* [WHAT IS BEING ASKED]: Leaving out the images, please reproduce each line below exactly.

** Opening SUPPLIED DATA block **

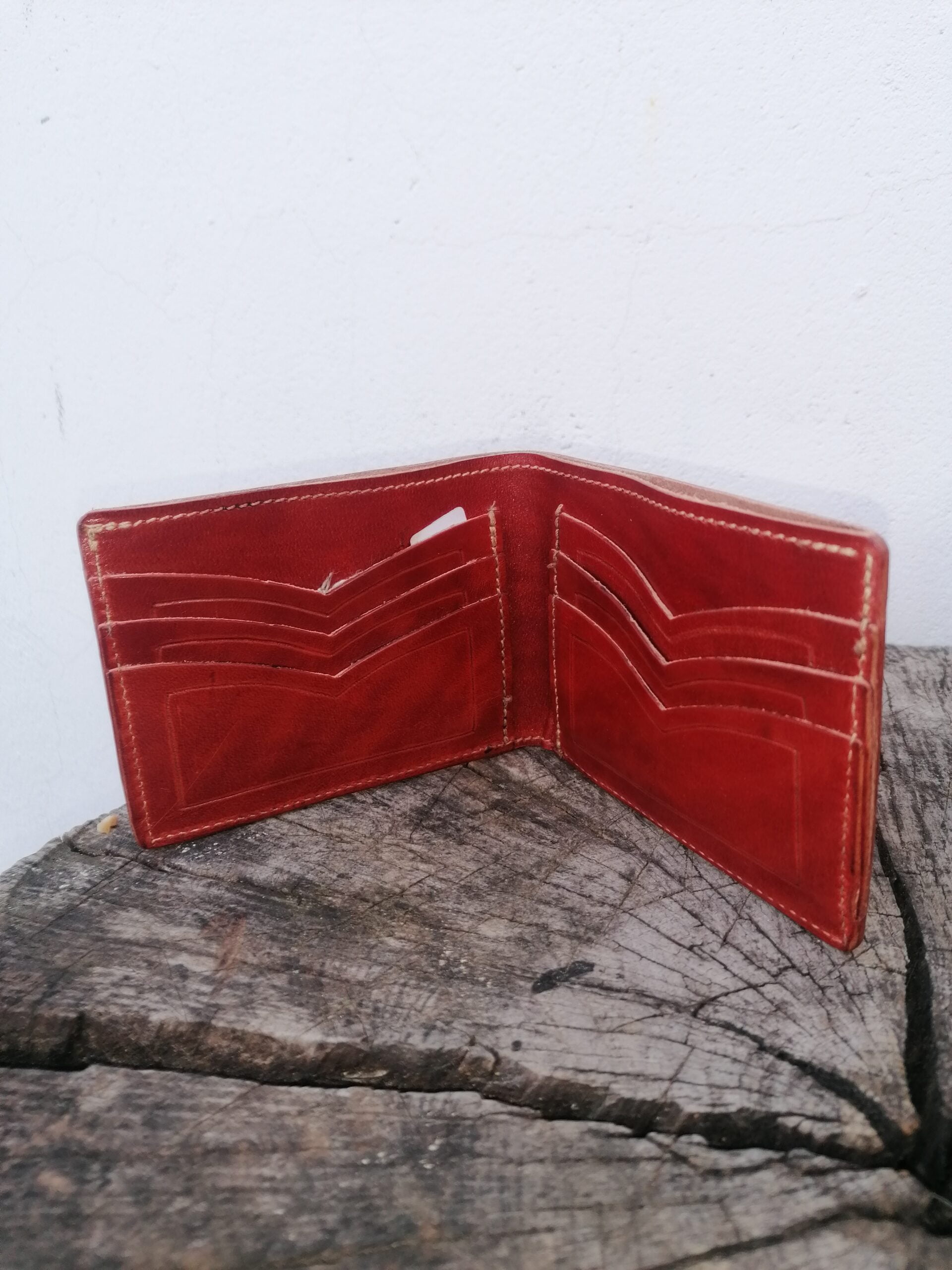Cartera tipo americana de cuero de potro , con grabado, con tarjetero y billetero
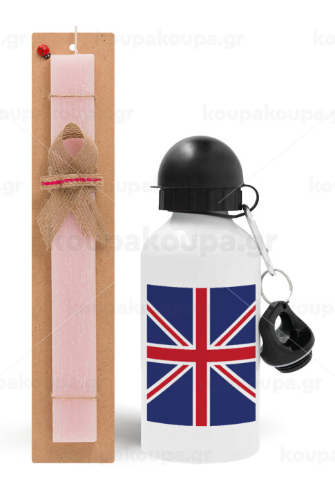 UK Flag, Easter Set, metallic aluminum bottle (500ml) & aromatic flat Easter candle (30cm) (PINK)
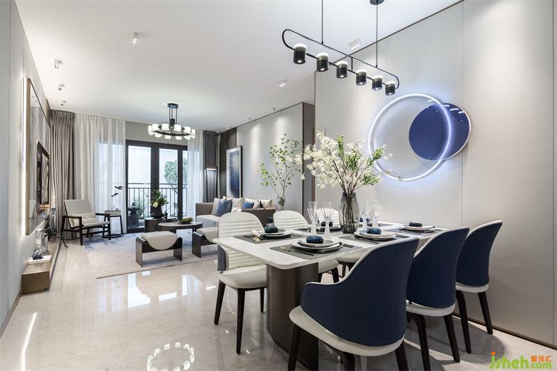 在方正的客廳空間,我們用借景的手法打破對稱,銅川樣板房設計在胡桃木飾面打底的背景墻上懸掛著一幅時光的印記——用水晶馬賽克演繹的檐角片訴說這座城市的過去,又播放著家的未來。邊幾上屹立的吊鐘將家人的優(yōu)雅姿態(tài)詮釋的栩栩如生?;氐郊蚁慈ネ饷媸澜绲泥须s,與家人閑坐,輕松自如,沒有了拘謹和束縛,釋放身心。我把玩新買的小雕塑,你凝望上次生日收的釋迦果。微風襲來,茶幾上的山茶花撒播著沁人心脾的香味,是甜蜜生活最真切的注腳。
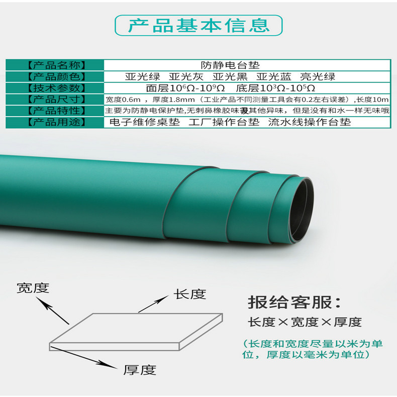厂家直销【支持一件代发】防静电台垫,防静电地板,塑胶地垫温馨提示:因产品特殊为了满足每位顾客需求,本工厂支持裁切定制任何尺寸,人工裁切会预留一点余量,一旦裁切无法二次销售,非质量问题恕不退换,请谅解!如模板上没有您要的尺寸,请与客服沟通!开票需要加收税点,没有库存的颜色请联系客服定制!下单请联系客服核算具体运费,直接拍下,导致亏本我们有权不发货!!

** Closing SUPPLIED DATA block **

* [ANSWER FOR THIS EXERCISE]:
Cartera tipo americana de cuero de potro , con grabado, con tarjetero y billetero
 UK Flag, Easter Set, metallic aluminum bottle (500ml) & aromatic flat Easter candle (30cm) (PINK)
 在方正的客廳空間,我們用借景的手法打破對稱,銅川樣板房設計在胡桃木飾面打底的背景墻上懸掛著一幅時光的印記——用水晶馬賽克演繹的檐角片訴說這座城市的過去,又播放著家的未來。邊幾上屹立的吊鐘將家人的優(yōu)雅姿態(tài)詮釋的栩栩如生?;氐郊蚁慈ネ饷媸澜绲泥须s,與家人閑坐,輕松自如,沒有了拘謹和束縛,釋放身心。我把玩新買的小雕塑,你凝望上次生日收的釋迦果。微風襲來,茶幾上的山茶花撒播著沁人心脾的香味,是甜蜜生活最真切的注腳。
厂家直销【支持一件代发】防静电台垫,防静电地板,塑胶地垫温馨提示:因产品特殊为了满足每位顾客需求,本工厂支持裁切定制任何尺寸,人工裁切会预留一点余量,一旦裁切无法二次销售,非质量问题恕不退换,请谅解!如模板上没有您要的尺寸,请与客服沟通!开票需要加收税点,没有库存的颜色请联系客服定制!下单请联系客服核算具体运费,直接拍下,导致亏本我们有权不发货!!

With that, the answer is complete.